On Mon, 15 Dec 2003, Hameed Khan wrote:

> hi,
>   i was reading the tutorial comes with python
> documentation. i found 2 example functions in it. but
> i cant understand these functions because of their
> different output. so if any one of you out there can
> tell me why there are giving different outputs just
> because of a if check. that will be very nice of you.
> below is the output directly copied from interactive
> python prompt.
>
>
> # function one #
> >>> # function one
> ... def f(a, L=[]):
> ...     L.append(a)
> ...     return L
> ...
> >>> f(1)
> [1]
> >>> f(2)
> [1, 2]
> >>> f(3)
> [1, 2, 3]
>
>
> # function two #
> >>> # function two
> ... def f2(a, L=[]):
> ...     if not L:
> ...             L = []
> ...     L.append(a)
> ...     return L
> ...
> >>> f2(1)
> [1]
> >>> f2(2)
> [2]
> >>> f2(3)
> [3]
> >>>

The python tutorial (setcion 4.71) claims "The default value is
evaluated only once" and continues with the much more astonishing story
about python mutuable types like lists. "evaluated only once" is
probably better shown this way:

>>> import time
>>> def yet(t=time.time()):
...  return t
...
>>> yet()
1071502070.145452
>>> yet()
1071502070.145452
>>>

--> the current time is evaluated when defining the function and won't
change with subsequents calls of "yet" ("t" doesn't get reevaluated
every time). Further:

>>> yet(111)
111
>>> yet()
1071502070.145452
>>>

---> "yet" will "remember" the original value of "t" (this is what a
function is suppose to do with keyword-arguments...). But where has
this value been remembered? My answere (as a non expert) to this
question is "somewhere deep in machines memory".

Now look at "f" version1:

def f(a, L=[]):
...     L.append(a)
...     return L


---> "L" is remembered "somewhere deep - and so on". Any call of "f"
*without* an explicit value for "L" will use the value from "somewhere
deep". It will use it and it will append "a" to this value. That's the
story.


How does it work? Python uses (at least it does so in my understanding)
references to object. References are the names like "L", "f" or "yet".
Objects can be lists, functions, strings, anything.
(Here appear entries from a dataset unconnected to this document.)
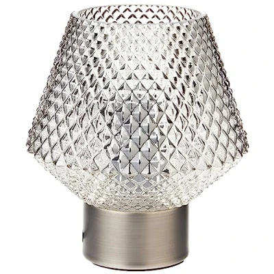 Innovative embossed glass table lamp will make this gorgeous little lamp a focal point in your home Finished in a smoked colour and complementing chrome base this lamp will give a wow effect Requires 1 x 7W E27 Golf ball -LED bulb - not included Full of character this lamp will make a great addition to any room Measurements: H16.5 x W15 x L15cm
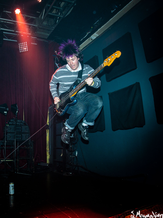 During tube screamy wah and thundering bass forward “Six-Pack,” drums wind up into calls for battle sending bassist Josh Finerty skidding across stage in roadrunner fashion, jumping into the air as symbols crash down. The possession sends him into front flips on stage as he plays.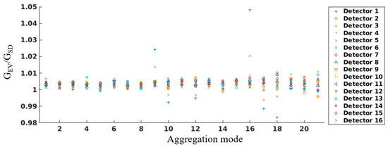 Figure 5 shows the ratios between the prelaunch LGS EV and SD gains for all 21 aggregation modes. The ratios are close to unity for many aggregation modes and detectors. However, outliers are found in several aggregation modes. The typical examples are detectors 1 and 16 of aggregation modes 9 and 16. Their EV gain values are underestimated by the SD gain values by up to 5%. There are a few detectors and aggregation modes whose EV gain values are overestimated, which are detectors 1 and 16 of aggregation mode 10, detectors 1 and 16 of aggregation mode 12, detectors 1 and 16 of aggregation mode 17, and detector 1 of aggregation mode 18. These outliers suggest non-negligible discrepancy between the LGS EV and SD radiometric responses for a few aggregation modes and detectors. The underestimated or overestimated EV gain values consequently induce either negatively or positively biased radiance values, resulting in dark or bright streaks in NOAA-20 VIIRS DNB imagery. Our analysis of the striping pattern shown in Figure 2a confirmed that those dark and bright streaks are due to the abovementioned detectors and aggregation modes. In particular, the absolute amount of the underestimated EV gain values of detectors 1 and 16 of aggregation modes 9 and 16 are greater than the absolute amount of the overestimated EV gain values of other mentioned detectors and aggregation modes, as illustrated in Figure 5. The dark streaks are much clearer than the bright streaks show in Figure 2a.

One practical reason
for this is: You can rename hugh list by creating another reference (and
not by copiing several MB's in machines memory):

>>> name1 = ["hugh", "...." ,"possibly really hugh"]
>>> name2 = name1 # make a reference from name2 to target of name1
>>> id(name1);id(name2) # both aims to identicall data
1075964268
1075964268

The flipside is, that "name1.append('more stuff')" will show effect on
name2 also (you know already why: name1 and name2 are references to the
same data)

now back to question:

> >>> # function one
> ... def f(a, L=[]):
> ...     L.append(a)
> ...     return L
> ...
> >>> f(1)
> [1]
> >>> f(2)
> [1, 2]
> >>> f(3)
> [1, 2, 3]

---> this shows both: "evaluated only once" and "mutuable types might
change while references stay". It's problably a little hard to
understand, but the good thing is it's very important to understand ;-)
(Feel free to ask further)

But what does f2 do different?

> >>> # function two
> ... def f2(a, L=[]):
> ...     if not L:
> ...             L = []
> ...     L.append(a)
> ...     return L

In case "L" is empty the if-condition is true and "L" gets assigned to a
brand new list: "L = []" creates a new (empty) list and set "L" as a
reference (overwriting old "L"). This way "f2(1)", "f2(2)", and "f2(3)"
starts all with their own brand new list.


Michael